"Justorum Animae in Manu dei sunt, et non Tanget Illos Tormentum Malitiae: Visi sunt Oculis Insipientium Mori, Illi Autem sunt in Pace."

The chapter-house at Icomb was a low, vaulted chamber divided into three compartments by rows of pillars bearing arches. A stone seat ran all round it for the monks, and the prior's seat was opposite the entrance. Two arches on each side of the doorway—there was no actual door—allowed the deliberations to be heard outside in the cloister. This was according to the invariable Cistercian plan. No one, save the monks themselves, could actually sit in the chapter-house, but others—in this case, the head men of the village—could stand in the cloister, and so become fully cognisant of the proceedings within.

The brothers filed through the dark cloisters towards the red doorways which showed that the chapter-house was lit within. The big bell in the centralone kept tolling unceasingly. One by one the brothers entered and seated themselves upon the stone bench. Two of the fratres conversi stood by the prior's throne with torches. A sudden murmur of talk hummed through the place. The night was exceedingly hot.

A glance round at the seated figures would hardly have prepossessed the modern spectator. One and all, young and old, were as frowsy and unsavoury a lot as ever poisoned the air of a warm summer's night. The white, emaciated faces smeared with dirt, the matted beards, and glowing, excited eyes, all combined to produce a singularly unpleasant picture.

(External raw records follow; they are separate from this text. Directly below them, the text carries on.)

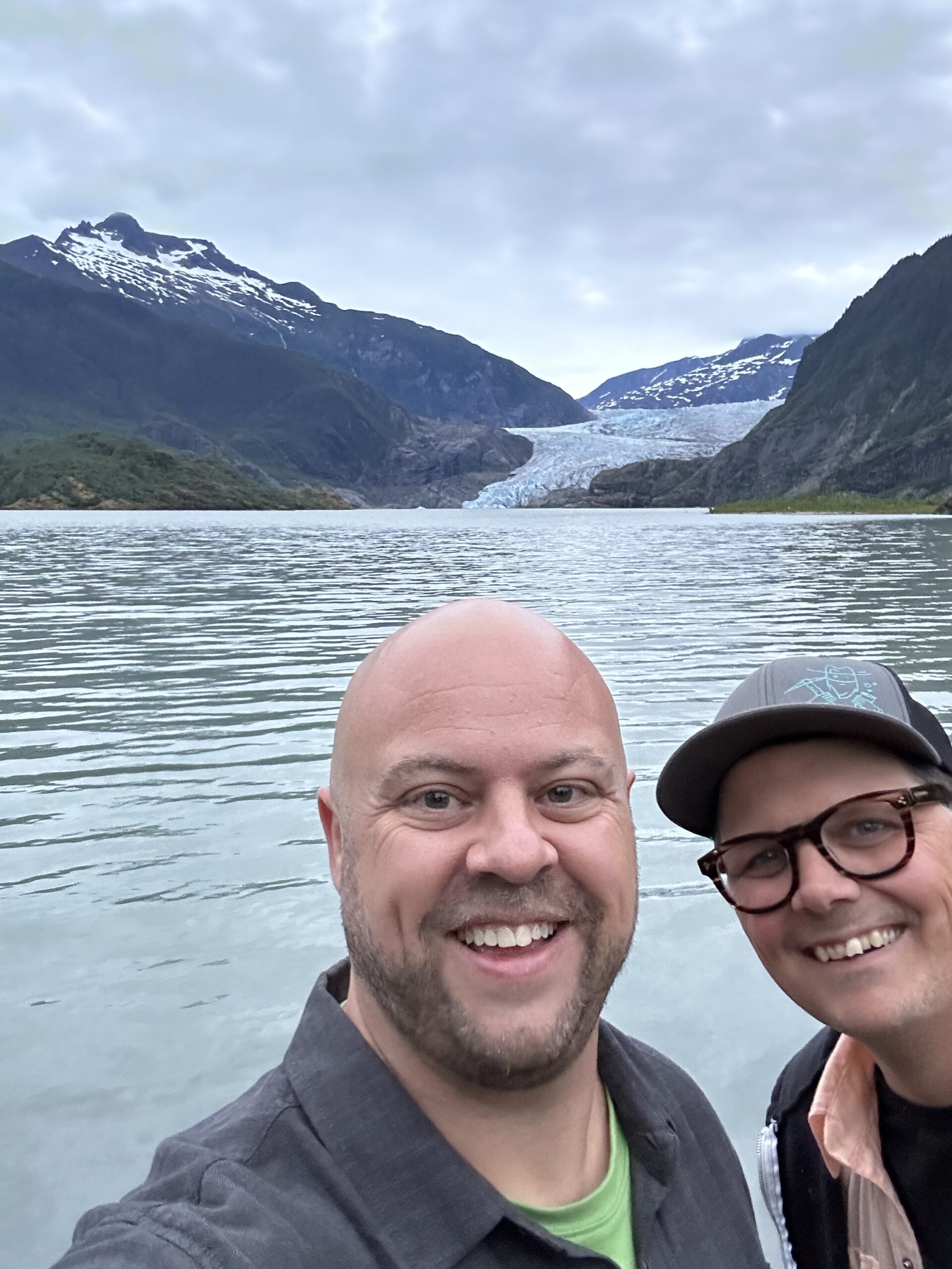 We drove straight over to the Mendenhall Glacier from the airport. Justin (and his partner Brooke) live over in the Back Loop of the Mendenhall Valley area now, which is a stone’s throw from the glacier. It’s just cool to look at, and hitting this area at this time meant no tour buses. It’s only about a 30-minute drive from where the cruise ships dock to the glacier, so it’s a popular excursion.
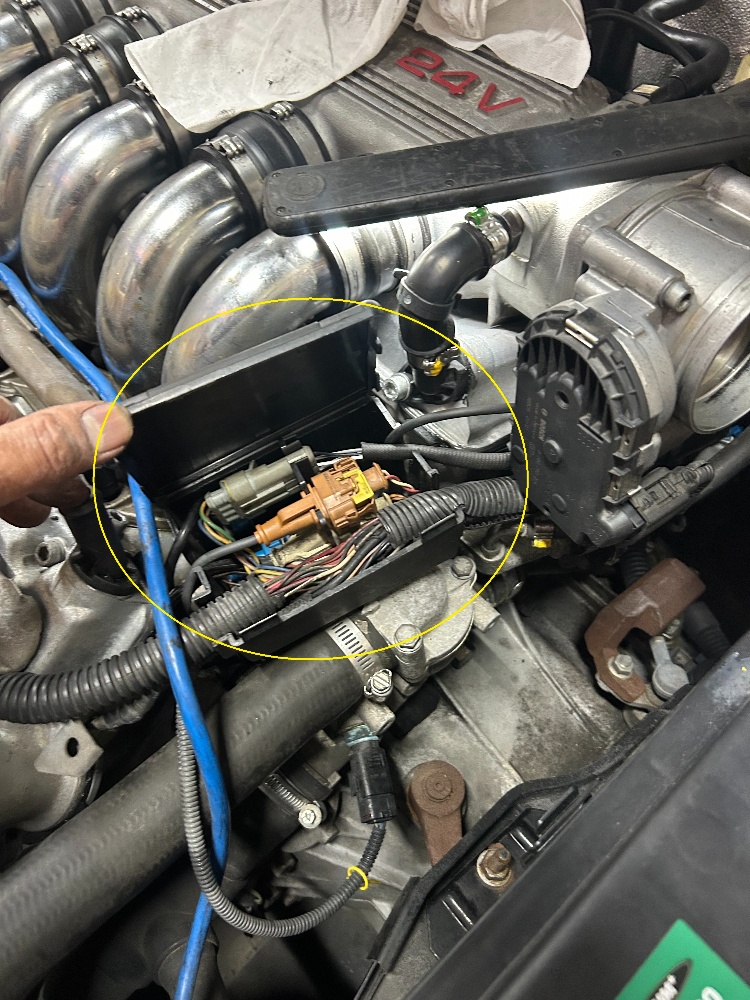 先ずインテーク・ホースを外しBOX内のカプラーを外して手前のホースをずらしてカムセンサー本体を交換します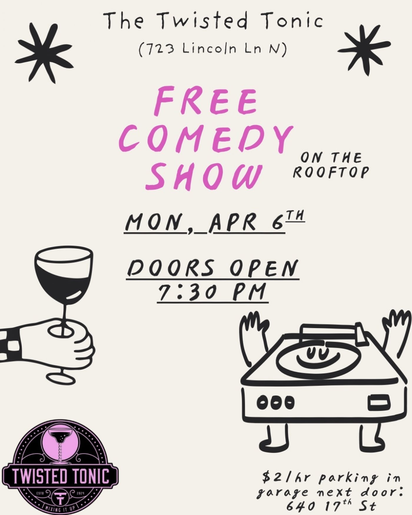 Free pop-up comedy show in Miami Beach! Come out to the Twisted Tonic rooftop and see the best comedians Miami has to offer.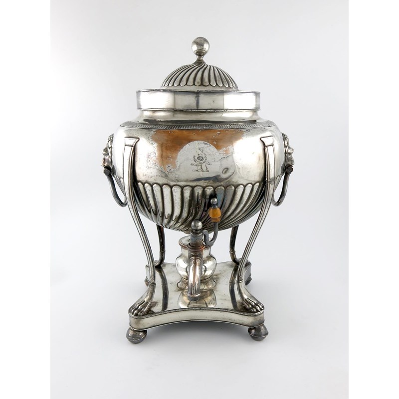 λA George III old Sheffield plated tea urn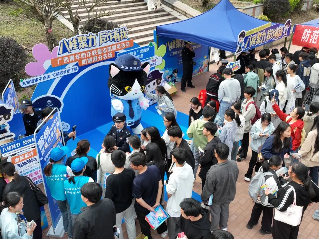 为提高青年学生法治知识水平、反诈实战能力及全市公安机关护校安全水平。12月10日,“八桂聚力 反诈有我”——2025年广西青年反诈联盟志愿服务活动(防城港分会场)在防城港职业技术学院顺利举行,共有1000余名师生参与,现场气氛热烈。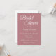 Simple style, bridal shower invitation that features a trendy, dusty rose colour background along with the future bride's name and party event time and location, contact, etc., printed in white, stylised lettering. Personalise your invitation by replacing text with your own bridal shower information. Select your invitation paper style and quantity.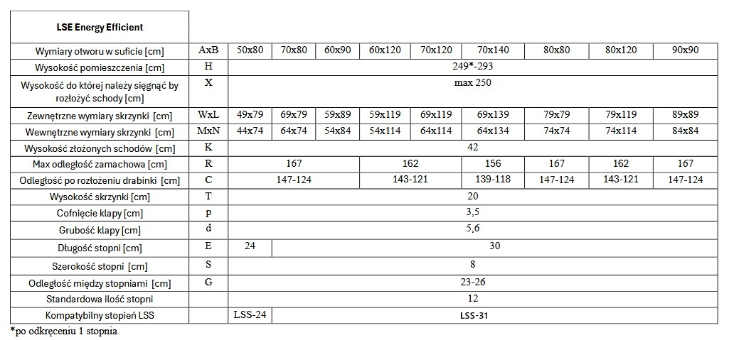 Schody Strychowe GREENSTEP LSE Energy Efficient to nowoczesne schody nożycowe, które łączą komfort użytkowania z energooszczędnością. Obustronnie biała klapa termoizolacyjna, wykończona elegancką okleiną ABS, doskonale wtapia się w sufit, tworząc spójną i estetyczną całość z każdym wnętrzem. Charakterystyczne policzki w kształcie litery „S” pełnią rolę poręczy na całej wysokości schodów, co znacząco podnosi komfort i bezpieczeństwo użytkowania. Grubość klapy wynosząca 56 mm, dwie uszczelki oraz współczynnik przenikania ciepła U=0,65 W/m²K zapewniają doskonałą izolację termiczną, co przekłada się na niższe koszty ogrzewania. Dzięki harmonijkowej konstrukcji i systemowi regulacji długości drabinki, schody te świetnie sprawdzą się w pomieszczeniach o niewielkich rozmiarach. Można je zamontować w otworach o wymiarach już od 50x80 cm do 80x120, schody standardowo dostępne w 9 wymiarach. Istnieje możliwość ich wykonania w wymiarach pod dedykowany wymiar otworu montażowego, Solidna, metalowa drabinka wytrzymuje obciążenie do 200 kg, zapewniając trwałość i bezpieczeństwo. Możliwość wydłużenia drabinki do wyższych pomieszczeniach do 338 cm przez dołożenia dodatkowych stopni LSS.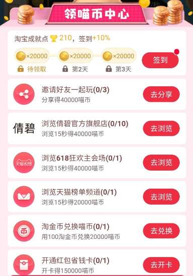 在“领喵币中心”界面,有很多种领喵币的任务,我们可以通过完成这些任务来领取喵币。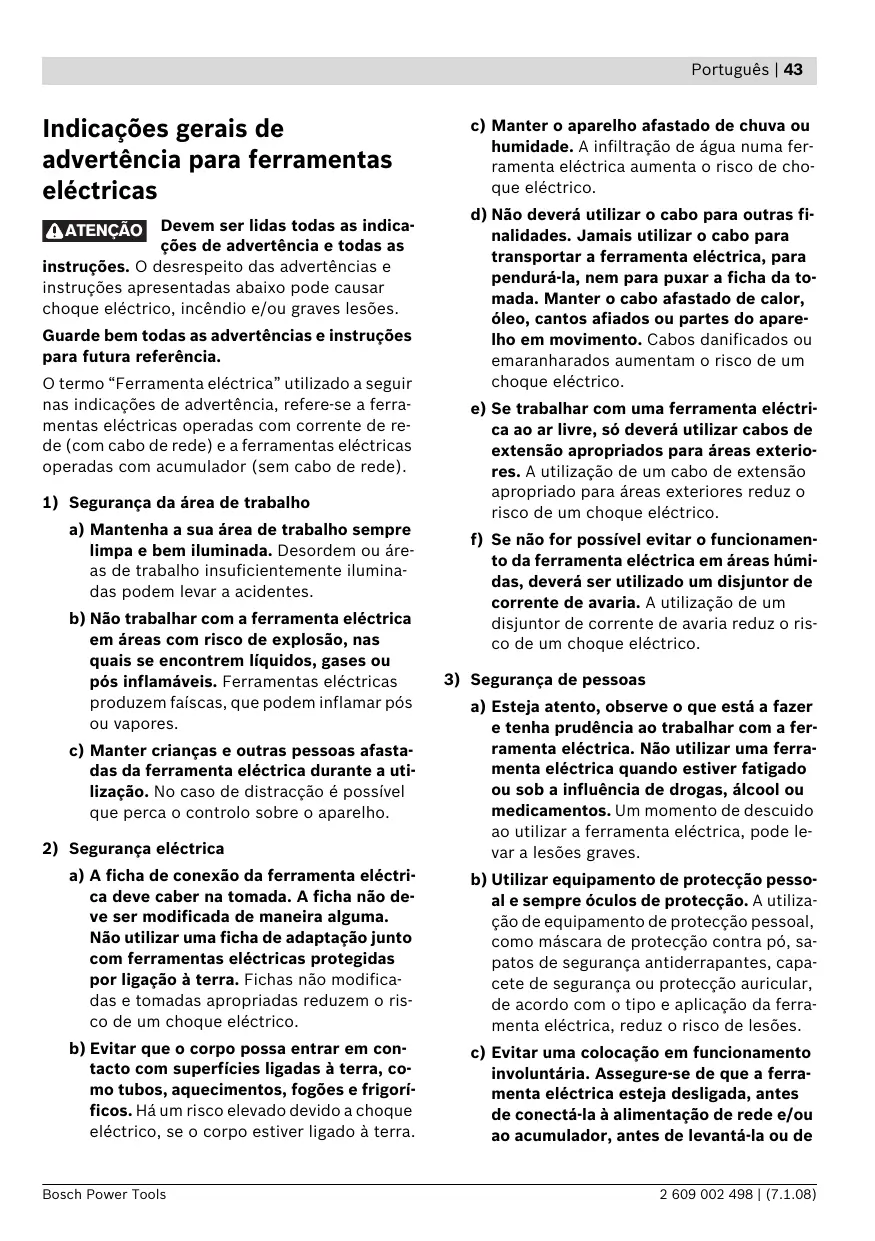 a) Esteja atento, observe o que está a fazer e tenha prudência ao trabalhar com a ferramenta eléctrica. Não utilizar uma ferramenta eléctrica quando estiver fatigado ou sob a influência de drogas, álcool ou medicamentos. Um momento de descuido ao utilizar a ferramenta eléctrica, pode levar a lesões graves. a) A ficha de conexão da ferramenta eléctrica deve caber na tomada. A ficha não deve ser modificada de maneira alguma. Não utilizar uma ficha de adaptação junto com ferramentas eléctricas protegidas por ligação à terra. Fichas não modificadas e tomadas apropriadas reduzem o risco de um choque eléctrico. b) Utilizar equipamento de protecção pessoal e sempre óculos de protecção. A utilização de equipamento de protecção pessoal, como máscara de protecção contra pó, sapatos de segurança antiderrapantes, capacete de segurança ou protecção auricular, de acordo com o tipo e aplicação da ferramenta eléctrica, reduz o risco de lesões. b) Evitar que o corpo possa entrar em contacto com superfícies ligadas à terra, como tubos, aquecimentos, fogões e frigoríficos. Há um risco elevado devido a choque eléctrico, se o corpo estiver ligado à terra. c) Evitar uma colocação em funcionamento involuntária. Assegure-se de que a ferramenta eléctrica esteja desligada, antes de conectá-la à alimentação de rede e/ou ao acumulador, antes de levantá-la ou de Bosch Power Tools 2 609 002 498 | (7.1.08) 44 | Português transportá-la. Se tiver o dedo no interruptor ao transportar a ferramenta eléctrica ou se o aparelho for conectado à alimentação de rede enquanto estiver ligado, poderão ocorrer acidentes. d) Remover ferramentas de ajuste ou chaves de boca antes de ligar a ferramenta eléctrica. Uma ferramenta ou chave que se encontre numa parte do aparelho em movimento pode levar a lesões. e) Evite uma posição anormal. Mantenha uma posição firme e mantenha sempre o equilíbrio. Desta forma é mais fácil controlar a ferramenta eléctrica em situações inesperadas. f) Usar roupa apropriada. Não usar roupa larga nem jóias. Mantenha os cabelos, roupas e luvas afastadas de partes em movimento. Roupas frouxas, cabelos longos ou jóias podem ser agarrados por peças em movimento. g) Se for possível montar dispositivos de aspiração ou de recolha, assegure-se de que estejam conectados e utilizados correctamente. A utilização de uma aspiração de pó pode reduzir o perigo devido ao pó.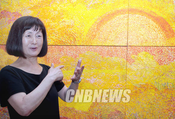 20여 년 전 대서양 바닷가에서 본 일출에 매료돼 지금껏 태양을 작품의 주요 오브제로 삼고 작업을 펼치는 재미작가 최분자(63)의 작품들이다.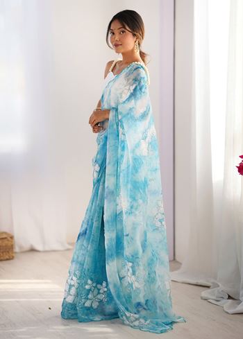 Embrace elegance with this Sky Blue Jimmy Choo Ethnic Saree, designed for the modern woman who loves timeless grace with a hint of glamour. Crafted from premium chiffon fabric, the saree offers a soft, lightweight drape, ensuring both comfort and effortless sophistication.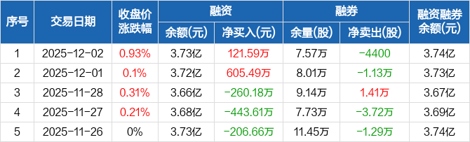 白云机场:融资净买入121.59万元,融资余额3.73亿元(12-02)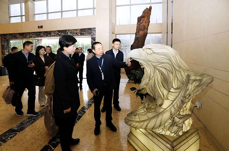 劉曉晨一行調研自貢彩燈企業。(中國臺灣網發)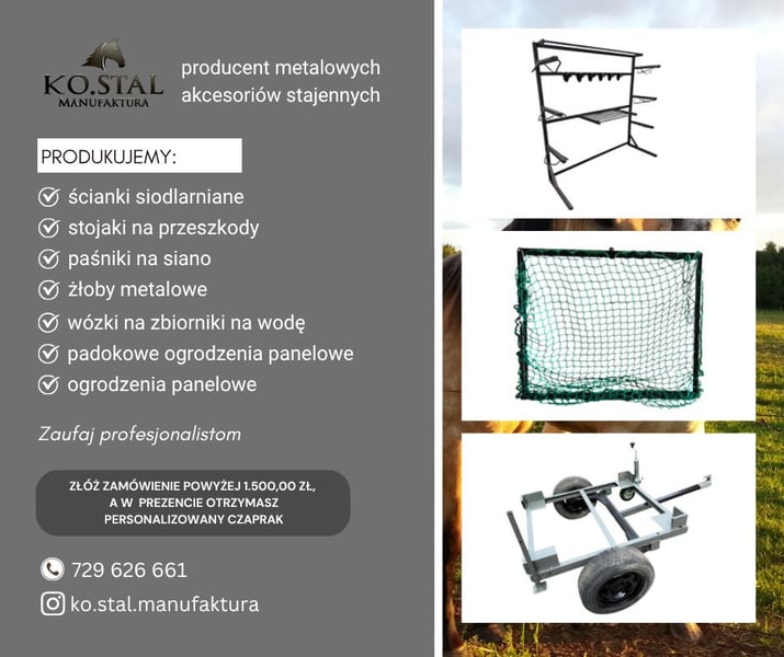 Pojemna siatka na siano na stalowej ramie. Ekspresowy montaż i łatwe ładowanie siana. Zmieści co najmniej jedną, dużą kostkę siana. Standardowe wymiary: 110x90 cm (możliwość dopasowania wymiaru do potrzeb Klienta). Oczko siatki: 4,5cm lub 2,5cm Oferujemy wiele innych akcesoriów stajennych. Zapraszamy do koń
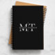 This Notebook features a sleek, minimalist design with a dark background and contrasting white text. Large, serif-style initials are centred and divided by a thin vertical line for symmetry, with smaller uppercase text below in a modern sans-serif font. The layout is clean and uncluttered, creating a refined, professional, and contemporary aesthetic.

Yet as the torchlight revealed one distressing detail after another it also played upon a congregation of as holy men as could have been found anywhere in that century. Not for them the licence and luxury of some of the great monasteries, where the monks pursued the deer or set their falcons at feathered game with no less ardour than they followed a petticoat through a wood. Not for them chased cups of pimentum and morat while the tables groaned under fish, flesh and fowl. It is a pity, no doubt, that they were not nice according to our ideas, but we can well forget that if we remember that they were indeed very holy men.

Presently the prior came in and took his seat upon the stone throne after he had said a short Latin prayer. The farmers and other villagers pressed to the archways of the opening, and, rising to his feet, Richard Espec spake in this wise:

"Brethren, this is a perilous time; and such a scourge was never heard since Christ's passion. You hear how good men suffer the death. Brethren, this is undoubted for the offences of England. Ye read, as long as the children of Israel kept the commandments of God, so long their enemies had no power over them, but God took vengeance of their enemies. We have erred, I wist, in our own lives, and God has sent this upon us. For when the Jews broke God's commandments then they were subdued by their enemies, and so be we. Therefore let us be sorry for our offences. Undoubted He will take vengeance of our enemies; I mean those blood-stained lords that causeth so many good men to suffer thus. Alas! it is a piteous case that so much Christian blood should be shed. Therefore, good brethren, for the reverence of God, every one of you devoutly pray, and say this psalm, 'O God, the heathen are come into Thine inheritance; Thy holy temple have they defiled, and made Jerusalem a heap of stones. The dead bodies of Thy servants have they given to be meat to the fowls of the air, and the flesh of Thy saints unto the beasts of the field. Their blood have they shed like water on every side of Jerusalem, and there was no man to bury them. We are become an open scorn to our enemies, a very scorn and derision to them that are round about us. Oh, remember not our old sins, but have mercy upon us, and that soon, for we are come to great misery. Help us, O God of our salvation, for the glory of Thy name. Oh, be merciful unto our sins for Thy name's sake. Wherefore do the heathen say, Where is now their God?' Ye shall say this psalm," continued the prior, "every Friday, after the Litany, prostrate, when ye lie upon the high altar, and undoubtedly God will cease this extreme scourge."

Then he went on to tell them of the martyrdom of Dom John, and what a good and holy man he was. "Even now, my dear brethren," said he, "I know him to be a saint in heaven. He has seen God, and talked with His Holiness, Saint Peter. Our Lady has smiled upon him. In the golden streets he has walked with gladness. I think that perhaps he is here with us now, our dear brother, that he sees us, and is full of love towards us all."

As his voice dropped towards the close, full of emotion, there was loud applause. As in very early Christian times, the brethren saluted the oration with a beating of hands.